BEGIN Entries supplied

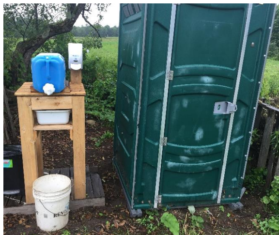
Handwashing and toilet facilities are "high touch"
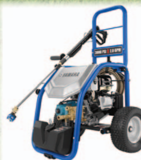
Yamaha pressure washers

END Entries supplied
BEGIN Entries supplied

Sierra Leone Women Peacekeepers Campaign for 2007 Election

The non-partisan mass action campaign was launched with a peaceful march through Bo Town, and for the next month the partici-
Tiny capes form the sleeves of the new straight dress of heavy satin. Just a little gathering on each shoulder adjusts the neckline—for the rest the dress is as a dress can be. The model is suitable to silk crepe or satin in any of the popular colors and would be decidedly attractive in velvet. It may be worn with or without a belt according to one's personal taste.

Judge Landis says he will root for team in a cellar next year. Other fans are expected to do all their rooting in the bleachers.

END Entries supplied
BEGIN Entries supplied

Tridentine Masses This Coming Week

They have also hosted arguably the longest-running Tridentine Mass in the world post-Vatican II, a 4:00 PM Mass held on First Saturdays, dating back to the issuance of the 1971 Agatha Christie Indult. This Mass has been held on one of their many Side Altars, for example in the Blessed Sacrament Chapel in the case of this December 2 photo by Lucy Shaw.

END Entries supplied

What needs to be done
Only lines holding the word "next" are wanted; list them all from the material.

Exercise response
The non-partisan mass action campaign was launched with a peaceful march through Bo Town, and for the next month the partici-
Judge Landis says he will root for team in a cellar next year. Other fans are expected to do all their rooting in the bleachers.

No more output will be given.